5

September 2, 2015

Brandeis University

Heller Graduate School

Sustainable International Development (SID) Program

Evaluating survey data: Questioning answers & cleaning data (HS 238f)

Syllabus – Fall 2015 (Module II)

Instructor: Ricardo Godoy

Office: Heller 153

Tel. 6-2784

E-mail:

Time & place: Thursdays 9-11:50 am. Room: G54

The topic and main aim of the course: As part of many entry-level jobs, young professionals often have to evaluate and clean survey data. The main aim of the course is to expose students to the principles and to the best practices for evaluating and cleaning survey data.

Intended audience: The course is for students (a) without background in statistics but who feel comfortable with algebra and quantitative reasoning (b) who want to learn how to clean survey data.

The course in the SID curriculum: The course forms a logical sequel to the course on survey design, which was offered in Module I, and is a foundation for the course on data analysis and field experiments (or randomize control trials), both of which are offered in the spring semester. This course fulfills the MA/SID core elective requirement.

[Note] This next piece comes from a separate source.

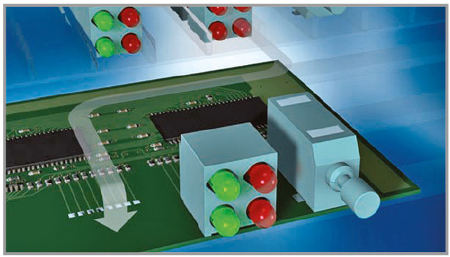 Часто встречаются ситуации, когда необходимо локально осветить места, труднодоступные для обслуживания или находящиеся в зоне повышенной температуры. В начале 2000 года многие компании стали предлагать решения, с помощью которых это стало возможным: были разработаны Light Guides, известные на российском рынке как светопроводники или световоды. Они позволяют располагать светодиоды на удалённом расстоянии от места индикации. Изготавливаются такие элементы из оптически прозрачного материала (стекло, пластик), свет внутри которого переносится посредством полного внутреннего отражения. Как было сказано выше, компания MENTOR GmbH & Co выпустила свой первый светопроводник в 2000 году. В течение последующих лет были разработаны целые системы из световодов, матрицы и компоненты типа M-PIPE (см. рис. 6), более удобные для автоматической установки на плату.
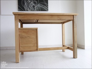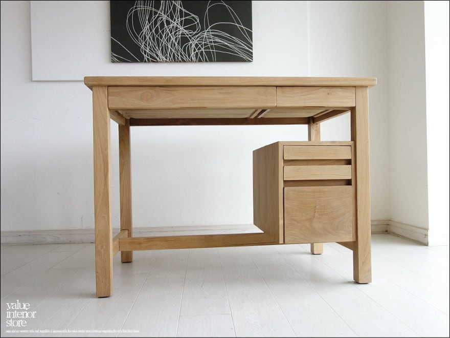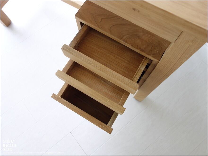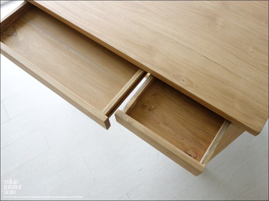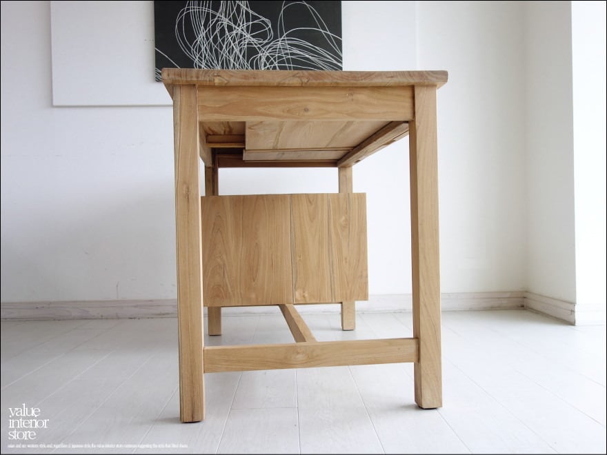 ナチュラルなチーク材の質感が魅力の総無垢材のデスクです。表面はアンフィニッシングとなります。良質の油分を豊富に含むチーク材は、少しづつ所謂チーク色に変化していくところも、こちらの製品の特徴で、楽しみなところです。

Approach: The stress in the course lies on:

(1)  exposure to principles: There is growing consensus among survey designers, statisticians, and empirical analysts about what constitutes a reliable, clean data set. These aspects include such things as meaningful sample size, sufficient variation in the variables of main interest, clear units of measurement, and low measurement error. During class time we will try to understand – from a theoretical or statistical point of view -- why these aspects matter. Some of these topics will be a review from the course on survey design.

(2)  exposure to tools and best practices: Having a clear idea of the main aspects to explore when cleaning or assessing a data set, we then move to practical steps for how to assess the quality of data produced from a survey. Using Stata, students will learn how to assess effective sample size and variance, and transform variables (either to correct mistakes or to ease interpretation). This is the rationale for the weekly computational assignments, which will require the use of Stata 14. The problems are not graded; they are designed to reinforce the statistical principles covered in class.

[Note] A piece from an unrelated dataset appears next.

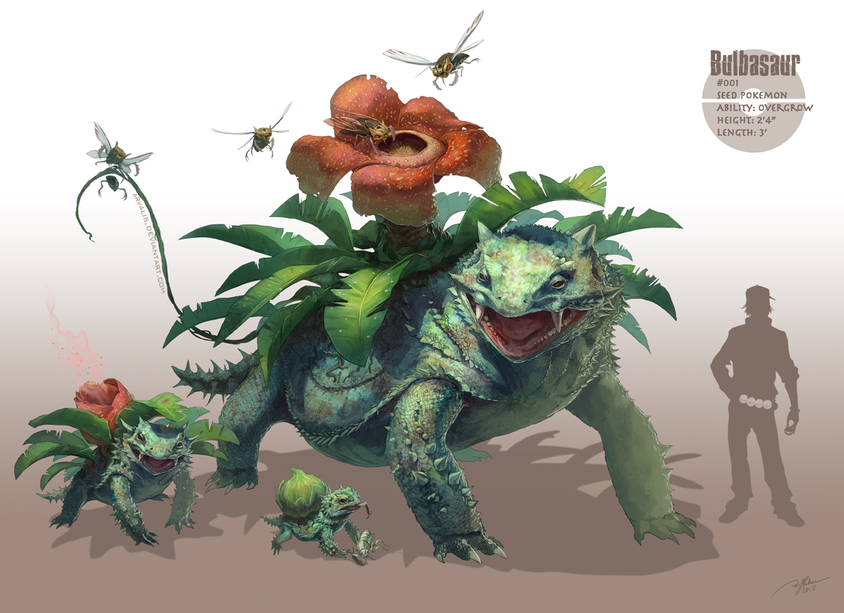 Description: A drawing of a dinosaur with flowers on its back and a man standing next to it with a flower on its back.
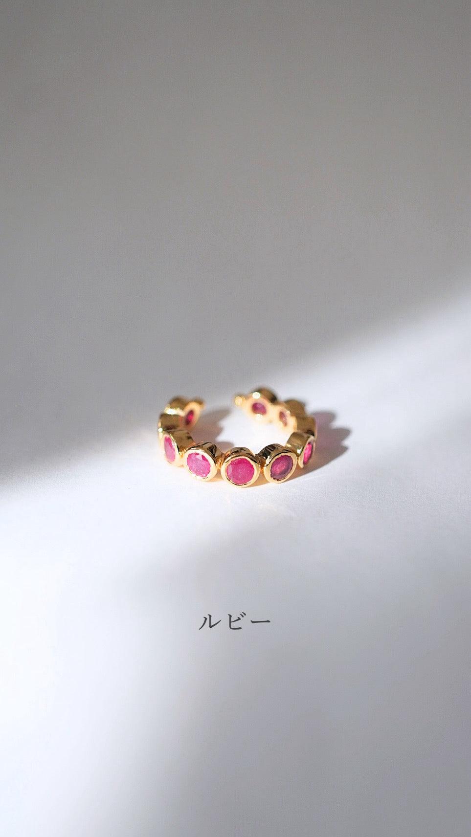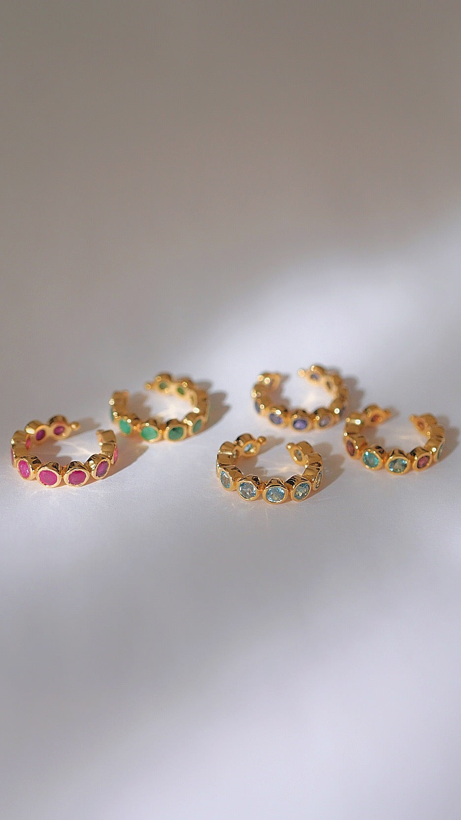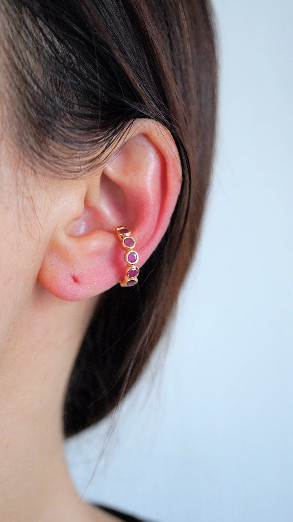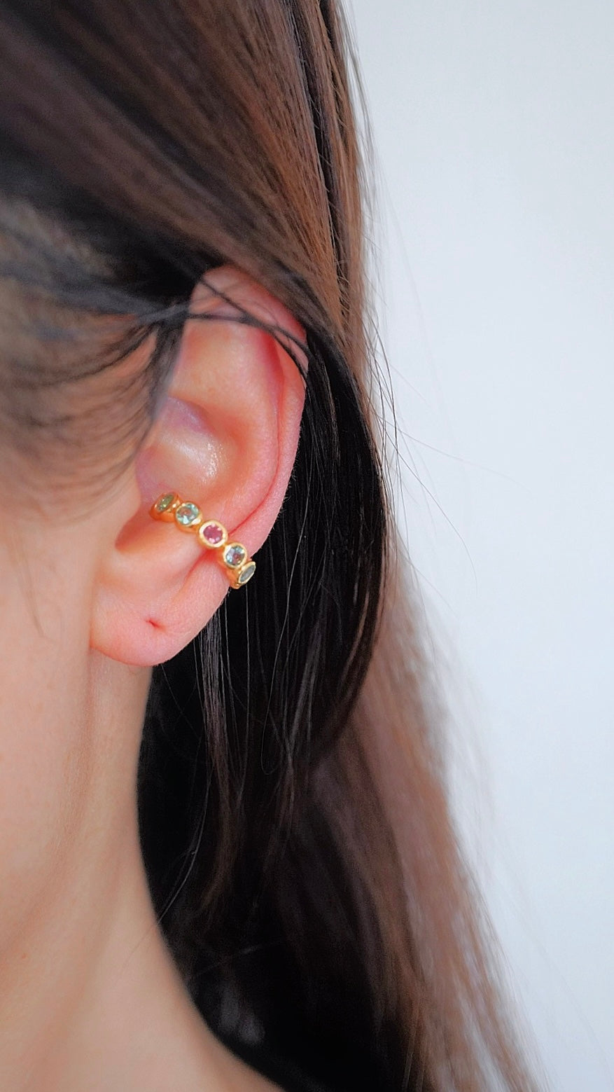Ear cuff ruby, emerald, blue topaz, tourmaline, iolite

(3)  repeated exposure to previous material covered in class: we rarely learn anything from a one-time exposure. For this reason I will give weekly quizzes; besides allowing you to gauge your progress in the course, the quizzes should be an instrument to help you learn. We will go over the quizzes in class right after the quiz so you can identify areas for improvement. You should expect to see some questions and topics from earlier lectures, readings, and computational exercises reappear in later quizzes. The quizzes will be in-class, closed-book.

Requirements and grading:

[A] Four quizzes (15% each; total=60%). During weeks 2-5 (inclusive) there will be a short quiz at the start of the class. The quiz will be followed by a short discussion of the quiz. The material for the quiz includes all class notes and readings up to and including the material to be covered on the day of the quiz. For example, quiz #3 will cover all the material up to and including the material covered on class 4 when quiz #3 is administered. Some of the questions that appear in a previous quiz will re-appear in subsequent quizzes. Each quiz will be graded as follow: the top 20% of the scores will receive an A, the next 20% will receive an A-, the next 20% will receive a B+, the next 20% a B, and the bottom 20% will receive a B-. I will use the three best quizzes out of the four quizzes to compute the final grade. I will put in Latte the quizzes from 2014, but without the suggested solutions.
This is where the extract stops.